**TASK DETAILS:**
Return nothing but the lines from the one with "bệnh nhân |" through the one with "- 【Specification】:This oil" in the data below, word for word and without pictures.

**DATASET EXCERPTS:**

- - -

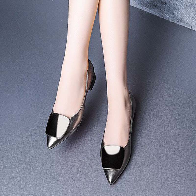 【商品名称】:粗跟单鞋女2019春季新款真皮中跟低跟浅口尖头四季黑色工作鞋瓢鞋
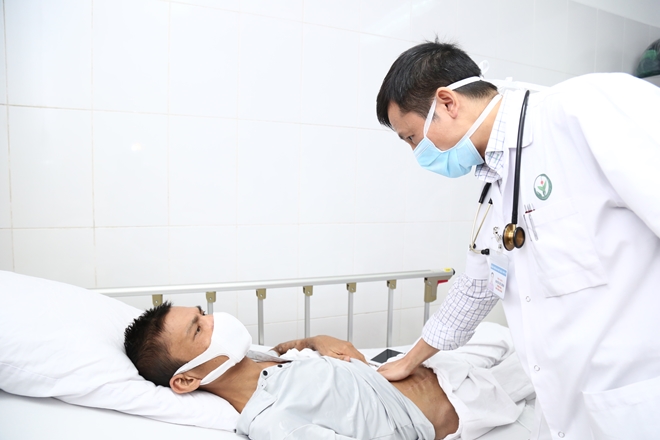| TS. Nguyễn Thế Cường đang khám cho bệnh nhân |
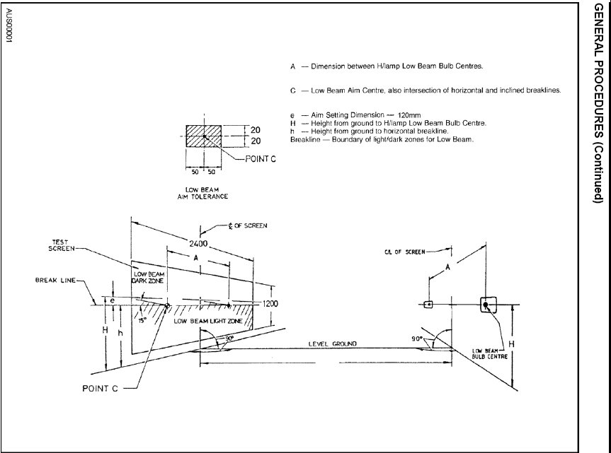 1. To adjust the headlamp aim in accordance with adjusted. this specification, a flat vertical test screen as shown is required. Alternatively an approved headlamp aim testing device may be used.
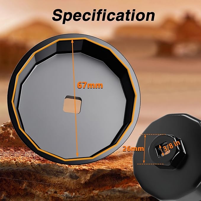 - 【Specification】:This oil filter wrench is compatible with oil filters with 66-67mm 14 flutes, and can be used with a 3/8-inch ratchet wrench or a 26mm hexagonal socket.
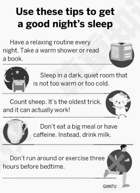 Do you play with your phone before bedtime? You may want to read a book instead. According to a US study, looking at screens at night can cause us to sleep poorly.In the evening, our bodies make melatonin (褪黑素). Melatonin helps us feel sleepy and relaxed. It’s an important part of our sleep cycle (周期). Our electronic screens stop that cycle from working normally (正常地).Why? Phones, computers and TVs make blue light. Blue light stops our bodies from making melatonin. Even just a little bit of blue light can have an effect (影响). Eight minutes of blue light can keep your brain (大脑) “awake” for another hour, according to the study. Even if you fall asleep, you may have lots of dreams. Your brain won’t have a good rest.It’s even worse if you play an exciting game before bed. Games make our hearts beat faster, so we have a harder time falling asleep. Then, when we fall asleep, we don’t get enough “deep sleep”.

- - -

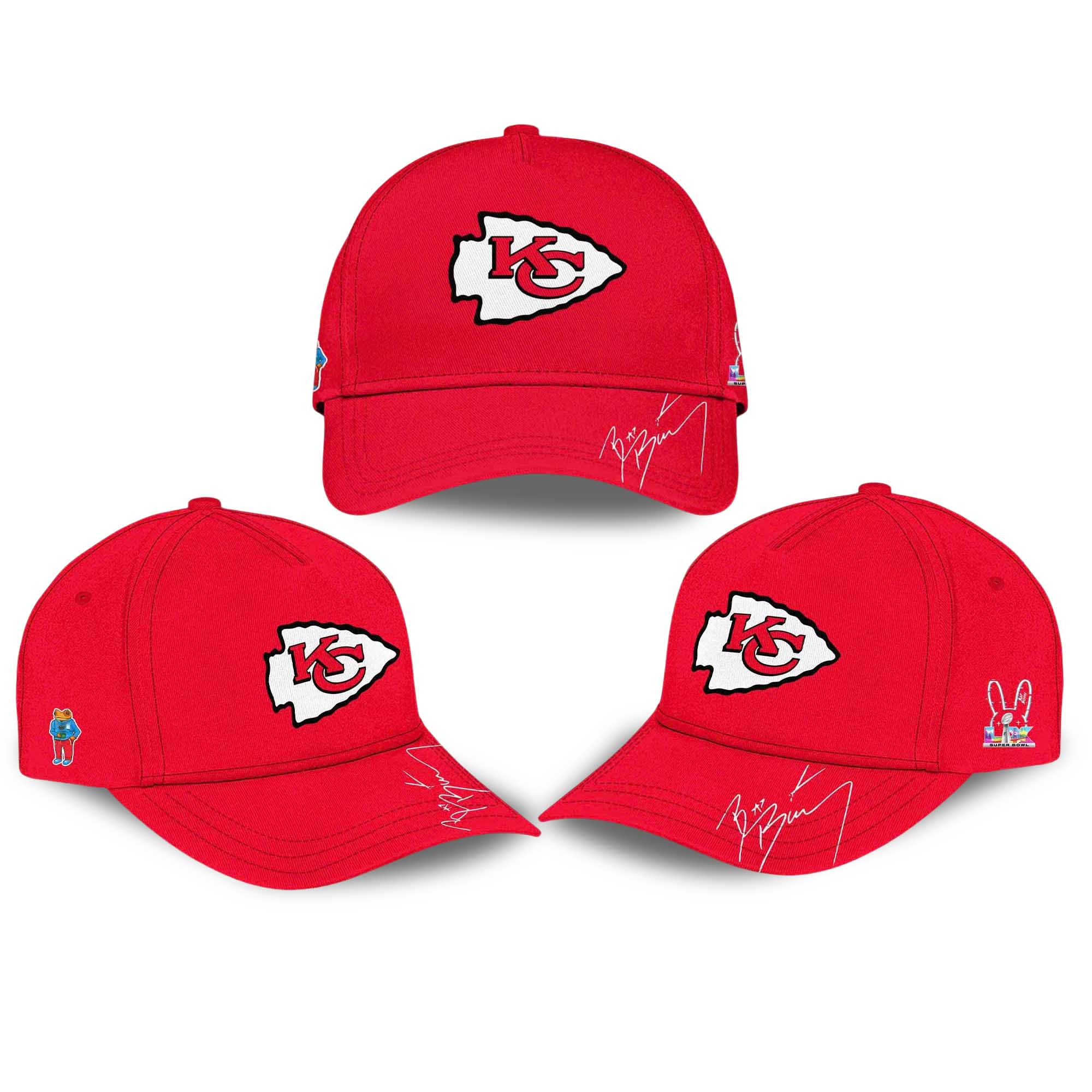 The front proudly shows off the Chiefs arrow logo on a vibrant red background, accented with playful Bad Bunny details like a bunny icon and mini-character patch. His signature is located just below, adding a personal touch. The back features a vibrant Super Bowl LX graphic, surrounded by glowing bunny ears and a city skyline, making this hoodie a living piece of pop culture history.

- - -

**REPLY:**
| TS. Nguyễn Thế Cường đang khám cho bệnh nhân |
 1. To adjust the headlamp aim in accordance with adjusted. this specification, a flat vertical test screen as shown is required. Alternatively an approved headlamp aim testing device may be used.
 - 【Specification】:This oil filter wrench is compatible with oil filters with 66-67mm 14 flutes, and can be used with a 3/8-inch ratchet wrench or a 26mm hexagonal socket.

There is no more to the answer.